DATA FOR ANALYSIS:

···

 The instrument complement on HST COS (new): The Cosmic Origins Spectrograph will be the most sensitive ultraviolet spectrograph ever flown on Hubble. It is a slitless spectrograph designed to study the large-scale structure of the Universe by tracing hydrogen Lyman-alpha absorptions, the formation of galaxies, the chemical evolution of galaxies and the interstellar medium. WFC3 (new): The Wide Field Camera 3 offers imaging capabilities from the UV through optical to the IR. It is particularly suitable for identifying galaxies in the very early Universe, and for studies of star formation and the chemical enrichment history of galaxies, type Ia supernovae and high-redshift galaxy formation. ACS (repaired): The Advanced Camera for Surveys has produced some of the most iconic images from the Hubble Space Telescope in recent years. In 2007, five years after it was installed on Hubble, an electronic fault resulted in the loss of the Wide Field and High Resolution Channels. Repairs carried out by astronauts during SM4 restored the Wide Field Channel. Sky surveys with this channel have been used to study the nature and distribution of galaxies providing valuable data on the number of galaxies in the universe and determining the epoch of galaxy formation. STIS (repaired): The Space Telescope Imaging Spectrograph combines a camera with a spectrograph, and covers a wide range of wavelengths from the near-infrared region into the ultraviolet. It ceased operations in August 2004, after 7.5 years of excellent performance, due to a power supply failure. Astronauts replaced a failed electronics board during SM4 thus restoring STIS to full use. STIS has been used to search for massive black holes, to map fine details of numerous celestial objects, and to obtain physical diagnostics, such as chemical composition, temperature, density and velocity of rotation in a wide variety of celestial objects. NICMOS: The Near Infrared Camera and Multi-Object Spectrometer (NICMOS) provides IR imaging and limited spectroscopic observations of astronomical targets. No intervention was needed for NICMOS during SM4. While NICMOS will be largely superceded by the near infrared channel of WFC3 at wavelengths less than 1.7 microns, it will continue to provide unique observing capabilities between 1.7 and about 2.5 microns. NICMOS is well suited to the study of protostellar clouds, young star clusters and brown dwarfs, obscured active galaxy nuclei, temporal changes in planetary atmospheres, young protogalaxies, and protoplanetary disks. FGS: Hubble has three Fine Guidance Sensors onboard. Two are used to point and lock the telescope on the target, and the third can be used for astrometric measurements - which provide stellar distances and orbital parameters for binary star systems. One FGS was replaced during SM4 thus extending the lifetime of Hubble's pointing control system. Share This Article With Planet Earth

···

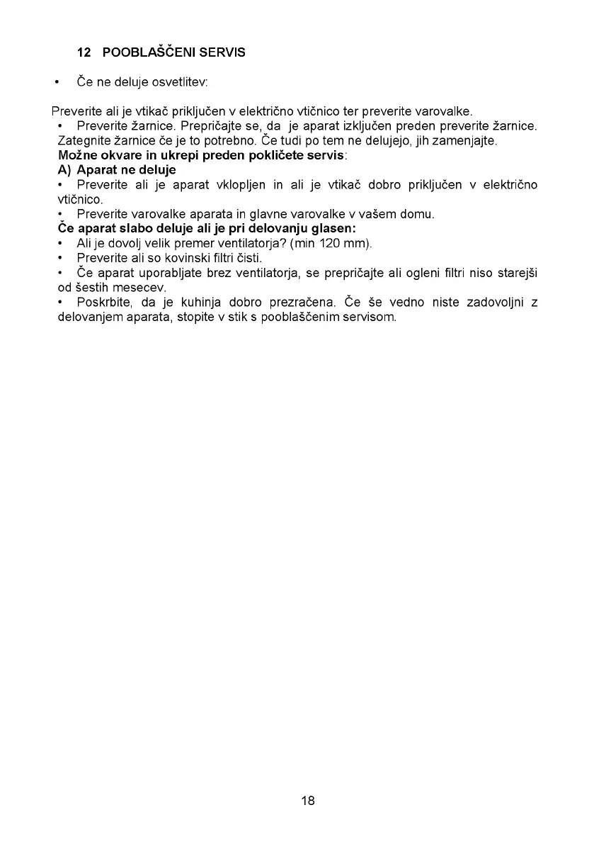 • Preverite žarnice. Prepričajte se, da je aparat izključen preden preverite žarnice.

···

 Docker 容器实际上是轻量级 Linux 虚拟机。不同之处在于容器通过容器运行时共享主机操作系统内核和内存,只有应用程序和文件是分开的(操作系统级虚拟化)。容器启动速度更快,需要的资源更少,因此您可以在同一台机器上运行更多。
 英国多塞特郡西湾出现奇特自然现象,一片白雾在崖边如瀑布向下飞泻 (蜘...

···

PROBLEM:
What you return must be the lines above that run from the line with "Docker 容器实际上是轻量级 Linux" to the line with "英国多塞特郡西湾出现奇特自然现象,一片白雾在崖边如瀑布向下飞泻 (蜘...", inclusive, each copied exactly.

RESPONSE FOR THIS EXERCISE:
 Docker 容器实际上是轻量级 Linux 虚拟机。不同之处在于容器通过容器运行时共享主机操作系统内核和内存,只有应用程序和文件是分开的(操作系统级虚拟化)。容器启动速度更快,需要的资源更少,因此您可以在同一台机器上运行更多。
 英国多塞特郡西湾出现奇特自然现象,一片白雾在崖边如瀑布向下飞泻 (蜘...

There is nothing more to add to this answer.